-- Collected material follows --

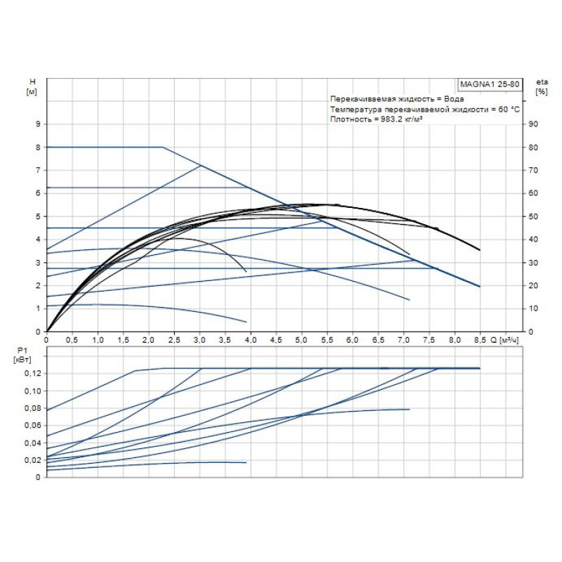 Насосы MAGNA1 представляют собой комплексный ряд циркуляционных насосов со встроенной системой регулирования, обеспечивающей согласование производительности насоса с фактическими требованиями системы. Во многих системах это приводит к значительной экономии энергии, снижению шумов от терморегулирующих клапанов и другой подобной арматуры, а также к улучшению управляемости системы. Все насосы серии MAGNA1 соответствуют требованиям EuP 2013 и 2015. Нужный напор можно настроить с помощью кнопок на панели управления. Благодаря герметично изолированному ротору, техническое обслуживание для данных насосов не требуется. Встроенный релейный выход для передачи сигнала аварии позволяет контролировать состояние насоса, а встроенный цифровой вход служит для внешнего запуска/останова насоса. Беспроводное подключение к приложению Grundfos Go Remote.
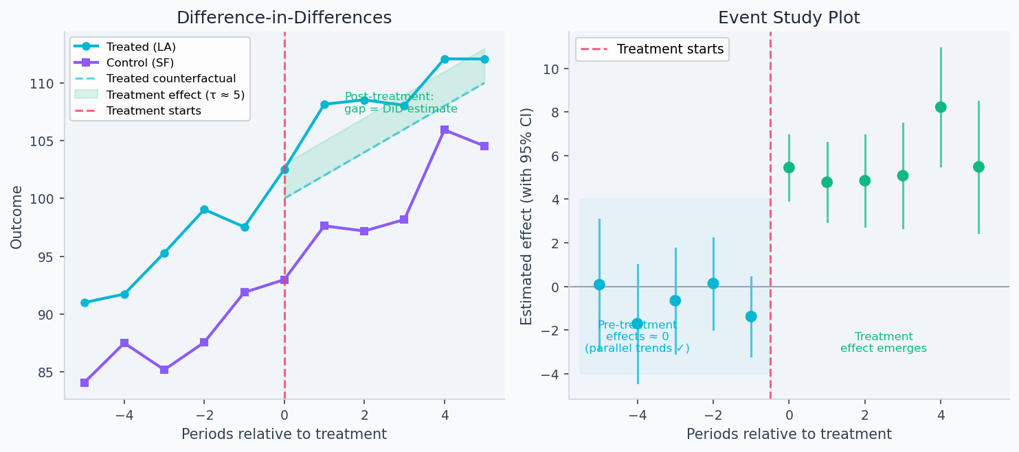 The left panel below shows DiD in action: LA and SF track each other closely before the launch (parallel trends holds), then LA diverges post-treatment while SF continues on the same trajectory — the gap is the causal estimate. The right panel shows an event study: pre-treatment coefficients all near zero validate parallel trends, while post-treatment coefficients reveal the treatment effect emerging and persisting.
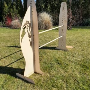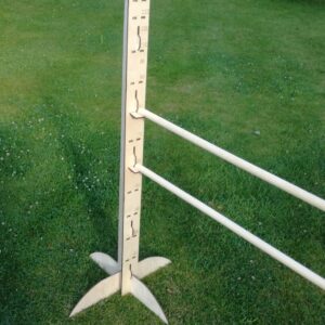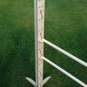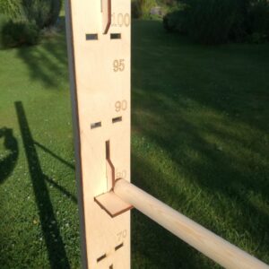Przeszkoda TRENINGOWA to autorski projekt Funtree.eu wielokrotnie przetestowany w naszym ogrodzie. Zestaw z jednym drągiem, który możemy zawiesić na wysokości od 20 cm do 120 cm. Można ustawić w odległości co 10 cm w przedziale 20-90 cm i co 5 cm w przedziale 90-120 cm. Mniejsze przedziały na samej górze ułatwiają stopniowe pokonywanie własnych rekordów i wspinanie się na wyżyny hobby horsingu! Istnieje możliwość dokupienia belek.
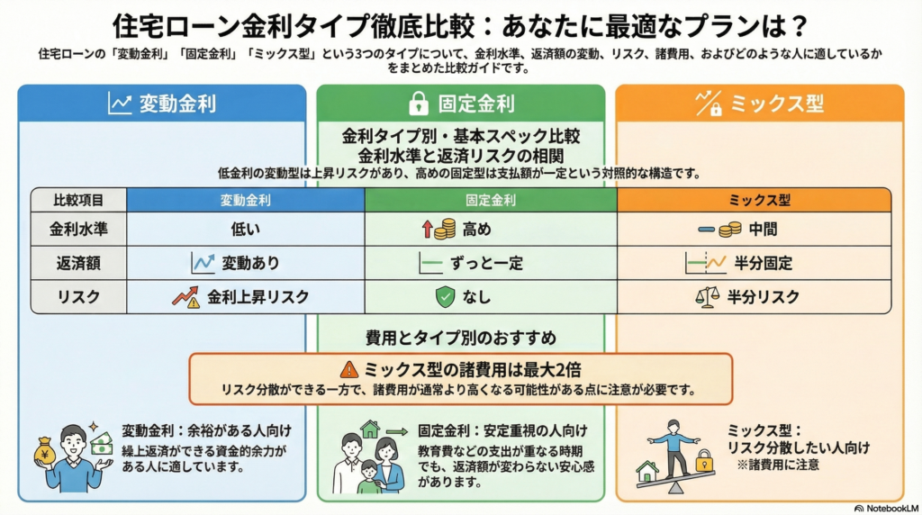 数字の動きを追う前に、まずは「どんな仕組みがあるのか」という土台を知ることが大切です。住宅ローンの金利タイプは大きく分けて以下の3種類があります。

-- Collected material concluded --

**About this exercise**
Only the pictures are to be left out; copy all the remaining material above exactly.

**Answer area**
 Насосы MAGNA1 представляют собой комплексный ряд циркуляционных насосов со встроенной системой регулирования, обеспечивающей согласование производительности насоса с фактическими требованиями системы. Во многих системах это приводит к значительной экономии энергии, снижению шумов от терморегулирующих клапанов и другой подобной арматуры, а также к улучшению управляемости системы. Все насосы серии MAGNA1 соответствуют требованиям EuP 2013 и 2015. Нужный напор можно настроить с помощью кнопок на панели управления. Благодаря герметично изолированному ротору, техническое обслуживание для данных насосов не требуется. Встроенный релейный выход для передачи сигнала аварии позволяет контролировать состояние насоса, а встроенный цифровой вход служит для внешнего запуска/останова насоса. Беспроводное подключение к приложению Grundfos Go Remote.
 The left panel below shows DiD in action: LA and SF track each other closely before the launch (parallel trends holds), then LA diverges post-treatment while SF continues on the same trajectory — the gap is the causal estimate. The right panel shows an event study: pre-treatment coefficients all near zero validate parallel trends, while post-treatment coefficients reveal the treatment effect emerging and persisting.
Przeszkoda TRENINGOWA to autorski projekt Funtree.eu wielokrotnie przetestowany w naszym ogrodzie. Zestaw z jednym drągiem, który możemy zawiesić na wysokości od 20 cm do 120 cm. Można ustawić w odległości co 10 cm w przedziale 20-90 cm i co 5 cm w przedziale 90-120 cm. Mniejsze przedziały na samej górze ułatwiają stopniowe pokonywanie własnych rekordów i wspinanie się na wyżyny hobby horsingu! Istnieje możliwość dokupienia belek.
 数字の動きを追う前に、まずは「どんな仕組みがあるのか」という土台を知ることが大切です。住宅ローンの金利タイプは大きく分けて以下の3種類があります。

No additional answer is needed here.